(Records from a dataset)
········

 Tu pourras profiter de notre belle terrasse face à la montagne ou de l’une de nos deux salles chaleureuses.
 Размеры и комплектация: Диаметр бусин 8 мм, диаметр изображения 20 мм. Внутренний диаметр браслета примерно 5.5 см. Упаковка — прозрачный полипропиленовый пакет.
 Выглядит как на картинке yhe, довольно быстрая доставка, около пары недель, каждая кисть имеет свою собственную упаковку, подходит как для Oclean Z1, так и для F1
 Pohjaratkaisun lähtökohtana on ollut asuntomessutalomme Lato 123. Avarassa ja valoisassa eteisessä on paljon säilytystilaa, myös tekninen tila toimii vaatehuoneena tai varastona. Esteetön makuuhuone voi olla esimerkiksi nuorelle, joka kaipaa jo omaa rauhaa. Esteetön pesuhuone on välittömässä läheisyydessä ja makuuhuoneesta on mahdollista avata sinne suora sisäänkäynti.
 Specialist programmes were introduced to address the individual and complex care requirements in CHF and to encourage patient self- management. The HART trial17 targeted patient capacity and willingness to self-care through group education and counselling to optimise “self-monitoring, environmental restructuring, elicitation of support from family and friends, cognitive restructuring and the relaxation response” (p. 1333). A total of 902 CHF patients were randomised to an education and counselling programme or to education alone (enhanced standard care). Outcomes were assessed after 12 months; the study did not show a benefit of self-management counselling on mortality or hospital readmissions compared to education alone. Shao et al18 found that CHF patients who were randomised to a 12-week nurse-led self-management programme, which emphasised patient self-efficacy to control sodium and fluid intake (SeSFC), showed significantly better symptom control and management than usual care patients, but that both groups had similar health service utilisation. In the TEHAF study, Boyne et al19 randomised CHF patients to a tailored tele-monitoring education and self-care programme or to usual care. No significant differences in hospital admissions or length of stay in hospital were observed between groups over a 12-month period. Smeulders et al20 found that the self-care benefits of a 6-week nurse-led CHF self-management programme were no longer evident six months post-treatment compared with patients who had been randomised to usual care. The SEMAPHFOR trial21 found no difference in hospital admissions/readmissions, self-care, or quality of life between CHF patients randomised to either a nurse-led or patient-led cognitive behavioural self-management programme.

········

Exercise instructions - Transcribe the records in full, keeping every character as it is.

Response box -
 Tu pourras profiter de notre belle terrasse face à la montagne ou de l’une de nos deux salles chaleureuses.
 Размеры и комплектация: Диаметр бусин 8 мм, диаметр изображения 20 мм. Внутренний диаметр браслета примерно 5.5 см. Упаковка — прозрачный полипропиленовый пакет.
 Выглядит как на картинке yhe, довольно быстрая доставка, около пары недель, каждая кисть имеет свою собственную упаковку, подходит как для Oclean Z1, так и для F1
 Pohjaratkaisun lähtökohtana on ollut asuntomessutalomme Lato 123. Avarassa ja valoisassa eteisessä on paljon säilytystilaa, myös tekninen tila toimii vaatehuoneena tai varastona. Esteetön makuuhuone voi olla esimerkiksi nuorelle, joka kaipaa jo omaa rauhaa. Esteetön pesuhuone on välittömässä läheisyydessä ja makuuhuoneesta on mahdollista avata sinne suora sisäänkäynti.
 Specialist programmes were introduced to address the individual and complex care requirements in CHF and to encourage patient self- management. The HART trial17 targeted patient capacity and willingness to self-care through group education and counselling to optimise “self-monitoring, environmental restructuring, elicitation of support from family and friends, cognitive restructuring and the relaxation response” (p. 1333). A total of 902 CHF patients were randomised to an education and counselling programme or to education alone (enhanced standard care). Outcomes were assessed after 12 months; the study did not show a benefit of self-management counselling on mortality or hospital readmissions compared to education alone. Shao et al18 found that CHF patients who were randomised to a 12-week nurse-led self-management programme, which emphasised patient self-efficacy to control sodium and fluid intake (SeSFC), showed significantly better symptom control and management than usual care patients, but that both groups had similar health service utilisation. In the TEHAF study, Boyne et al19 randomised CHF patients to a tailored tele-monitoring education and self-care programme or to usual care. No significant differences in hospital admissions or length of stay in hospital were observed between groups over a 12-month period. Smeulders et al20 found that the self-care benefits of a 6-week nurse-led CHF self-management programme were no longer evident six months post-treatment compared with patients who had been randomised to usual care. The SEMAPHFOR trial21 found no difference in hospital admissions/readmissions, self-care, or quality of life between CHF patients randomised to either a nurse-led or patient-led cognitive behavioural self-management programme.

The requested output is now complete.